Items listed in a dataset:
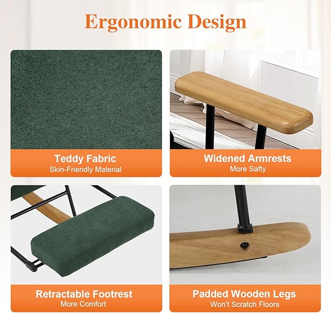 Rocking Chair with Footrest-Glider Rocker Chair with Retractable Footrest and Adjustable Backrest, Teddy Upholstered Rocking Chair, Modern Accent Chair for Living Room/Nursery/Bedroom/Outdoor-Green
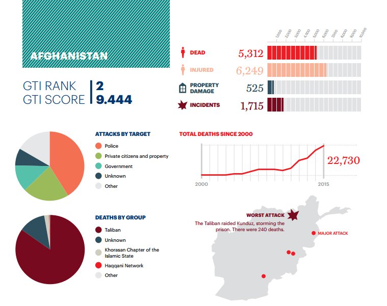 “The Taliban was responsible for the majority of terrorist attacks and in 2015 they were responsible for 85 per cent of all deaths from terrorism carrying out 1,094 attacks that killed 4,502 people. Police remain the main target of attacks by the Taliban and accounted for half of all attacks and deaths. There were 543 attacks on police resulting in 2,259 deaths.
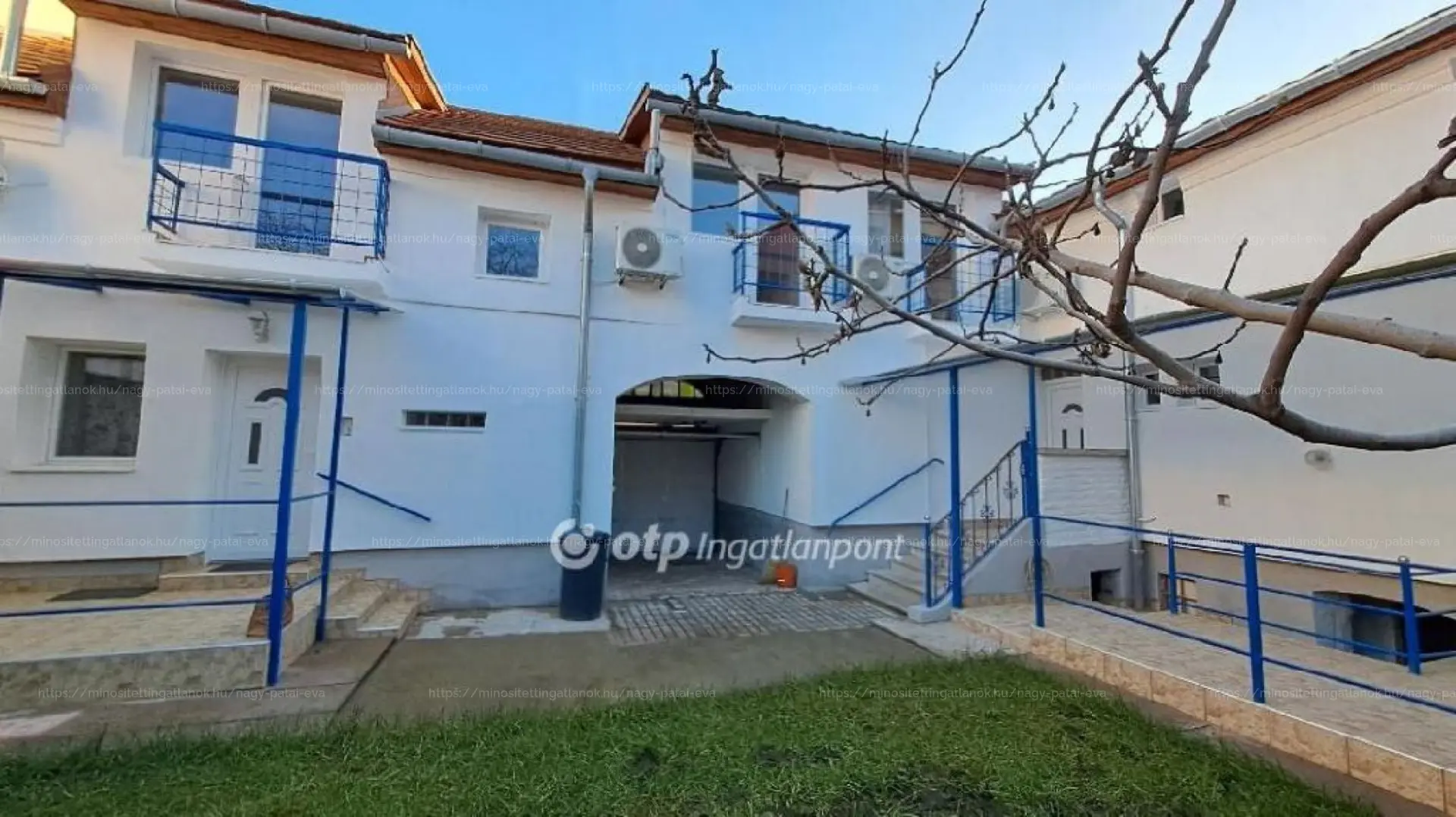 Az épület két szintes, két külön szárnnyal és independens bejárattal. A két házrészben összesen 7 szoba + nappali–étkező–konyha található. Az egyik házrész alatt 45 négyzetméteres pince kapott helyet, ahol az eredeti, kb. 80 cm vastag téglafalak látszanak – BOROSPINCÉNEK is MŰKÖDŐKÉPES. A házhoz 3x1 négyzetméteres erkély, kettő terasz (11 m² és 8,4 m²), valamint 11 m²-es autóbeálló tartozik. A közös, zárt kerttel rendelkező telek területe 207 m². A közös főbejárat ELEKTROMOS GARÁZSKAPUVAL nyílik, a jobb és bal szárnyak egymástól jól szeparáltak, mindkettőhöz saját terasz kapcsolódik.
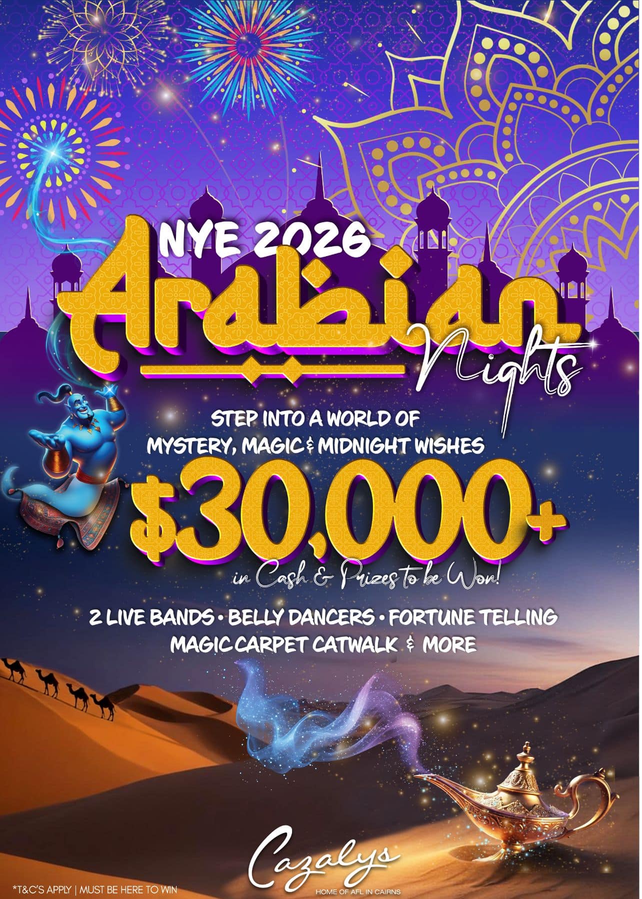 Description : NYE 2026 ARABIAN NIGHTS Step into a world of mystery, magic, and midnight wishes as we ring in the New Year in true Arabian style — only at Cazalys! $30,000...
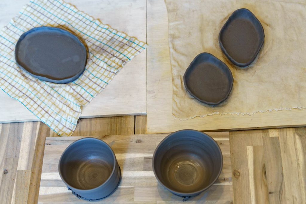 手で押したり、棒で平べったく伸ばしたりと楽しげ!ろくろと違って水分が少なめでしっかりしているのでこっちのほうが作りやすそうではあります。お子さんでもうまく作れそう。
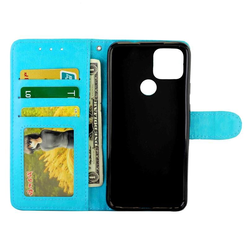 For Google Pixel 4a 5G Crazy Horse Texture Leather Horizontal Flip Protective Case with Holder & Card Slots & Wallet & Photo Frame(Baby Blue)

# Directions for this task
A faithful, complete copy of the records above is required, one that contains no pictures.

# Output for this task
 Rocking Chair with Footrest-Glider Rocker Chair with Retractable Footrest and Adjustable Backrest, Teddy Upholstered Rocking Chair, Modern Accent Chair for Living Room/Nursery/Bedroom/Outdoor-Green
 “The Taliban was responsible for the majority of terrorist attacks and in 2015 they were responsible for 85 per cent of all deaths from terrorism carrying out 1,094 attacks that killed 4,502 people. Police remain the main target of attacks by the Taliban and accounted for half of all attacks and deaths. There were 543 attacks on police resulting in 2,259 deaths.
 Az épület két szintes, két külön szárnnyal és independens bejárattal. A két házrészben összesen 7 szoba + nappali–étkező–konyha található. Az egyik házrész alatt 45 négyzetméteres pince kapott helyet, ahol az eredeti, kb. 80 cm vastag téglafalak látszanak – BOROSPINCÉNEK is MŰKÖDŐKÉPES. A házhoz 3x1 négyzetméteres erkély, kettő terasz (11 m² és 8,4 m²), valamint 11 m²-es autóbeálló tartozik. A közös, zárt kerttel rendelkező telek területe 207 m². A közös főbejárat ELEKTROMOS GARÁZSKAPUVAL nyílik, a jobb és bal szárnyak egymástól jól szeparáltak, mindkettőhöz saját terasz kapcsolódik.
 Description : NYE 2026 ARABIAN NIGHTS Step into a world of mystery, magic, and midnight wishes as we ring in the New Year in true Arabian style — only at Cazalys! $30,000...
 手で押したり、棒で平べったく伸ばしたりと楽しげ!ろくろと違って水分が少なめでしっかりしているのでこっちのほうが作りやすそうではあります。お子さんでもうまく作れそう。
 For Google Pixel 4a 5G Crazy Horse Texture Leather Horizontal Flip Protective Case with Holder & Card Slots & Wallet & Photo Frame(Baby Blue)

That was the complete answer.